Budget & Finance

Vallas Backs Off Plan To Cut School Managers’ Fees

By Catherine Gewertz — June 11, 2003 2 min read

Schools chief Paul G. Vallas has backed off his plan to reduce the fees paid to six outside groups that manage some of the lowest-performing schools in Philadelphia.

Mr. Vallas, who became the chief executive officer of the city’s public schools in July 2002, wanted to cut by nearly half the fees paid to the groups for managing 40 schools. He intended to use the money to improve high schools. (“Vallas Calls for Cuts to Private Companies,” April 2, 2003.)

But after meetings with two state legislators, Mr. Vallas agreed to keep the groups’ per-pupil fees for the 2003- 04 school year about the same as this year’s, said district spokeswoman Amy R. Guerin. The education management organizations, or EMOs, are paid from $450 to $881 per pupil above standard funding.

The district has “an agreement in principle” with the two universities, two nonprofit groups, and two for-profit companies to hold their per-pupil funding steady, but not all contracts have been signed, Ms. Guerin said. The signing deadline is June 30.

The contract with Chancellor Beacon Academies, a company that operated five schools in the 193,000-student district this school year, has been terminated, effective later this month. (“Phila. Board Ends Contract With Chancellor Beacon,” News in Brief, April 23, 2003.)

Vickie Frazier- Williams, a Chancellor Beacon spokeswoman, said last week that the Coconut Grove, Fla.-based company is considering litigation, among several options, in response to the termination.

A ‘Negotiation’

Mr. Vallas gave up on his proposed cutbacks after talks with Republican Rep. John M. Perzel, the speaker of the House of Representatives, and Rep. Dwight Evans, the highest- ranking Democrat on the House appropriations committee.

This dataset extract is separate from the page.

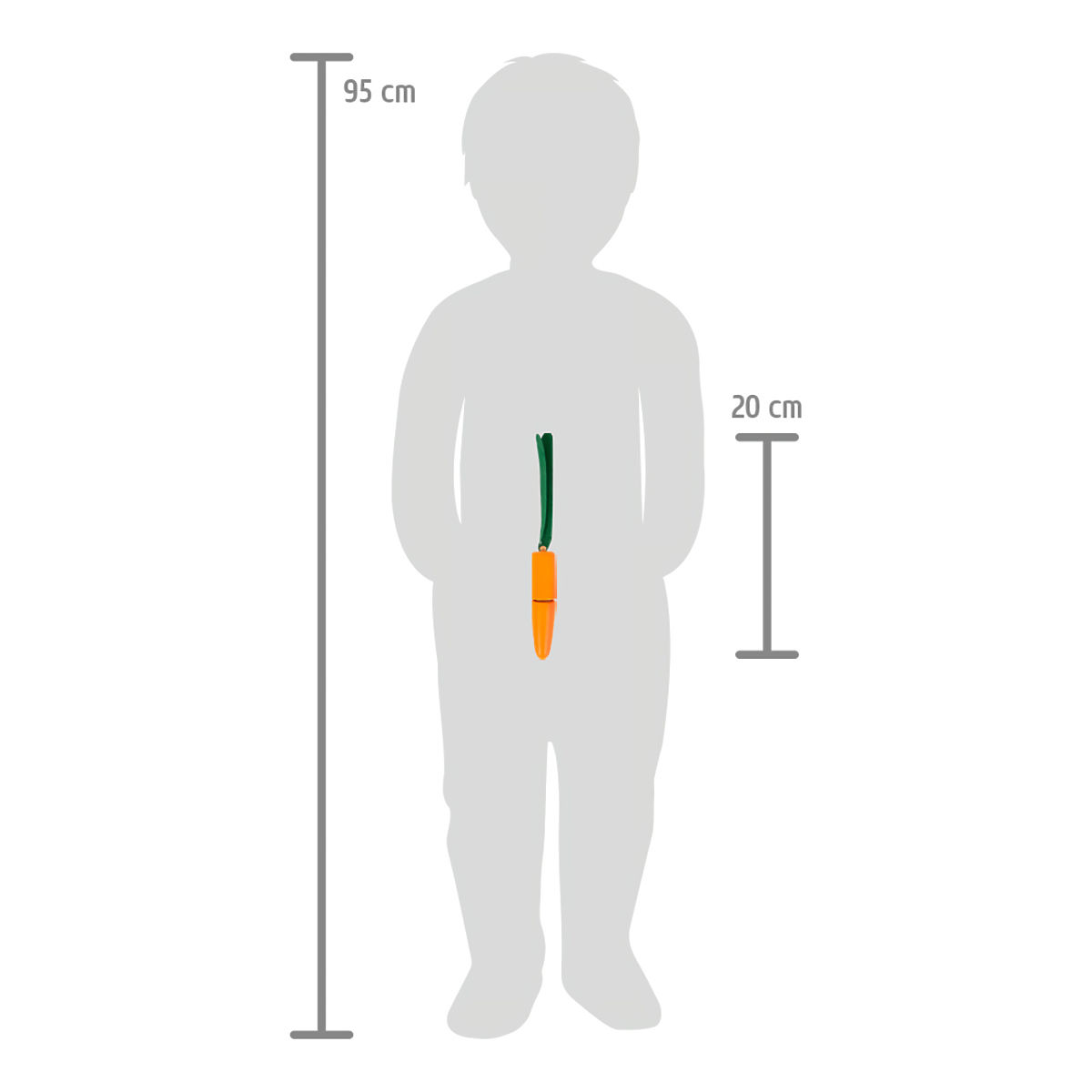 With this robust wooden vegetable cutting set, children can play as chefs! It consists of common vegetables that children will easily recognize. The package includes a cutting board, a wooden knife, and a reusable bag that can be used to store the toy. One side of the board can be written on with chalk, so you can jot down a shopping list or recipe. It's really important to learn the correct cutting technique, and with this toy, it will be a breeze. Bell pepper, mushroom, tomato, cucumber, and carrot – it's all in this set! The naturally looking and detailed vegetables are held together with Velcro. Thanks to the sustainable packaging, children will learn something new about ecology. The cutting board can be hung up thanks to its loop. Main features: robust wooden vegetable cutting set, natural appearance with printed details, comprehensive set with board, knife, bell pepper, mushroom, tomato, cucumber, and carrot, packed in a reusable bag, children learn something new about ecology while playing, one side of the board can be written on with chalk.

Steve Miskin, Mr. Perzel’s press secretary, said the three men had struck no “deal per se,” characterizing their discussions instead as a “negotiation.” He said the two lawmakers believe the EMOs are promising and should be “given a chance to succeed or fail on their own.”

The schools chief agreed to flat-line the companies’ per-pupil fees, and the legislative leaders said they would support him in his high school reform program and help enlist support for state legislation necessary to allow the district to restructure its existing debt, Mr. Miskin said.

Mr. Vallas said that although he had hoped to put all of the EMOs on a “level playing field” by restricting each to about $450 per pupil, he still retains the power to end their contracts for convenience.

And while he can no longer shift $10 million in money for the companies to high school improvement, he expects to realize at least $50 million in savings from debt restructuring over five years that can be applied to high schools as well as to other district improvements.